BEGIN DATA BLOCK

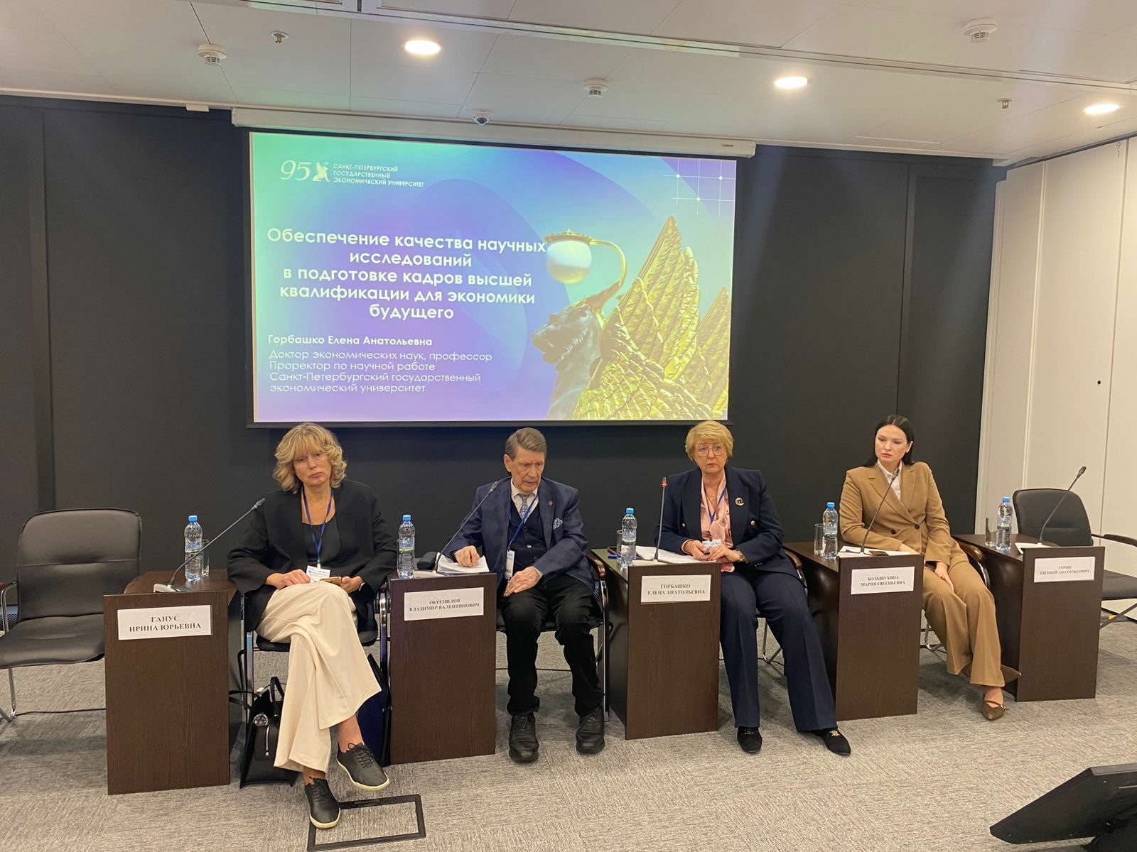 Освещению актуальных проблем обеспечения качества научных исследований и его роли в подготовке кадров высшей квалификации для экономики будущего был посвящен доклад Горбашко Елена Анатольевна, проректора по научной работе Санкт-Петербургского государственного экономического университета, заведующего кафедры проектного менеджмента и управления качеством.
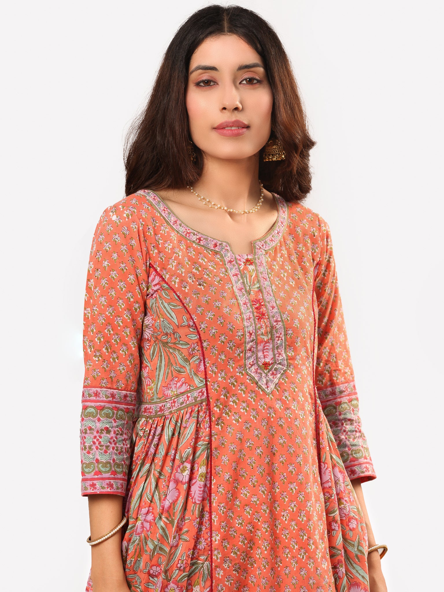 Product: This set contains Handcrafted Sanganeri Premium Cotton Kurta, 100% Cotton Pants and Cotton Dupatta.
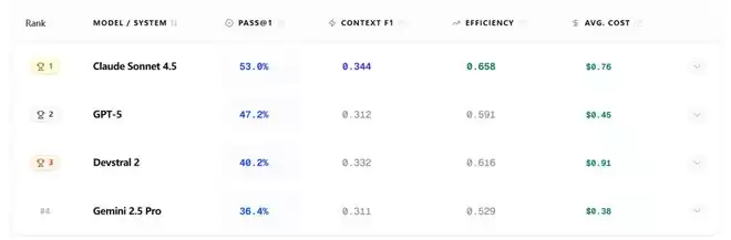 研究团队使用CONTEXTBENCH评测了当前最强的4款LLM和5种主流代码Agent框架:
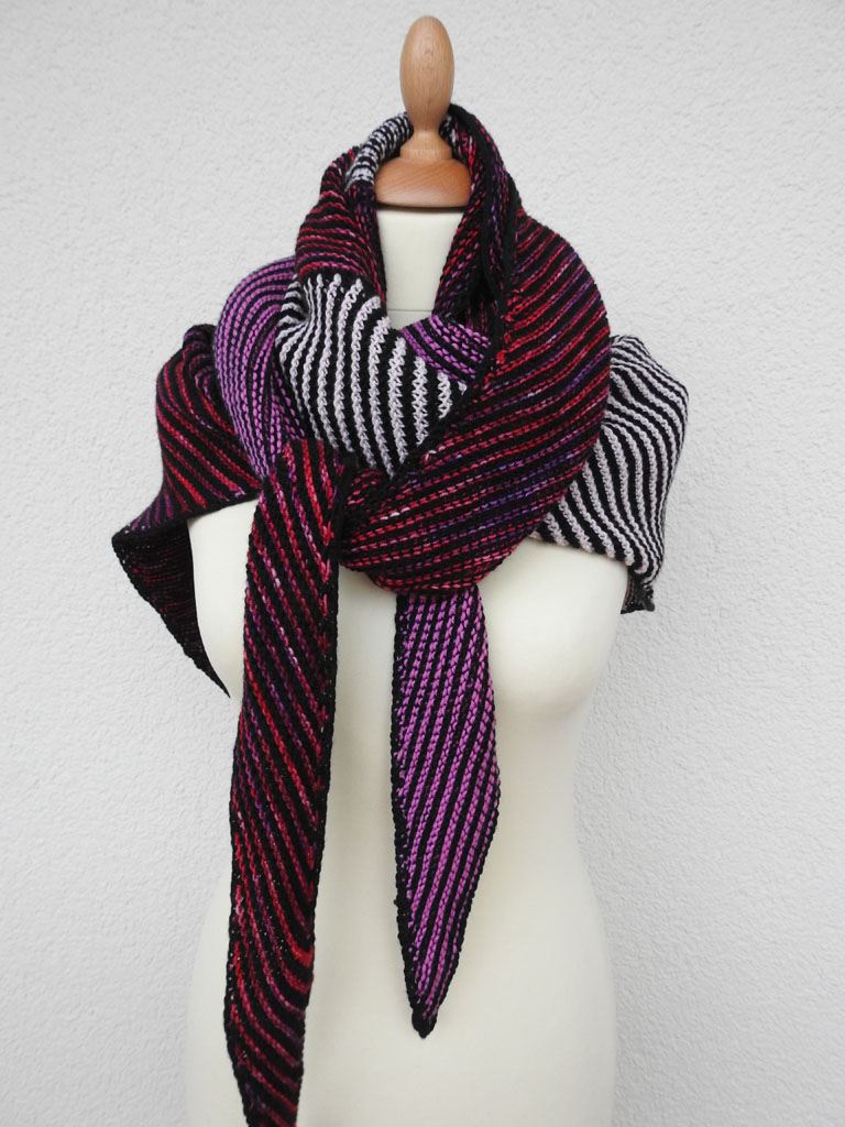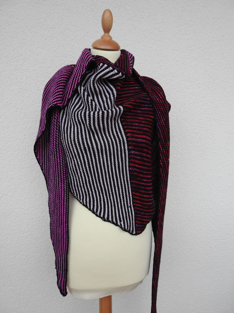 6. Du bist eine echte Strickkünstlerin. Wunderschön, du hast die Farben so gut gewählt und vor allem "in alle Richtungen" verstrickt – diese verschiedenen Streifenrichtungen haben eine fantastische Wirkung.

END DATA BLOCK

Repeat the whole listing above word for word. Leave out the pictures.

 Освещению актуальных проблем обеспечения качества научных исследований и его роли в подготовке кадров высшей квалификации для экономики будущего был посвящен доклад Горбашко Елена Анатольевна, проректора по научной работе Санкт-Петербургского государственного экономического университета, заведующего кафедры проектного менеджмента и управления качеством.
 Product: This set contains Handcrafted Sanganeri Premium Cotton Kurta, 100% Cotton Pants and Cotton Dupatta.
 研究团队使用CONTEXTBENCH评测了当前最强的4款LLM和5种主流代码Agent框架:
 6. Du bist eine echte Strickkünstlerin. Wunderschön, du hast die Farben so gut gewählt und vor allem "in alle Richtungen" verstrickt – diese verschiedenen Streifenrichtungen haben eine fantastische Wirkung.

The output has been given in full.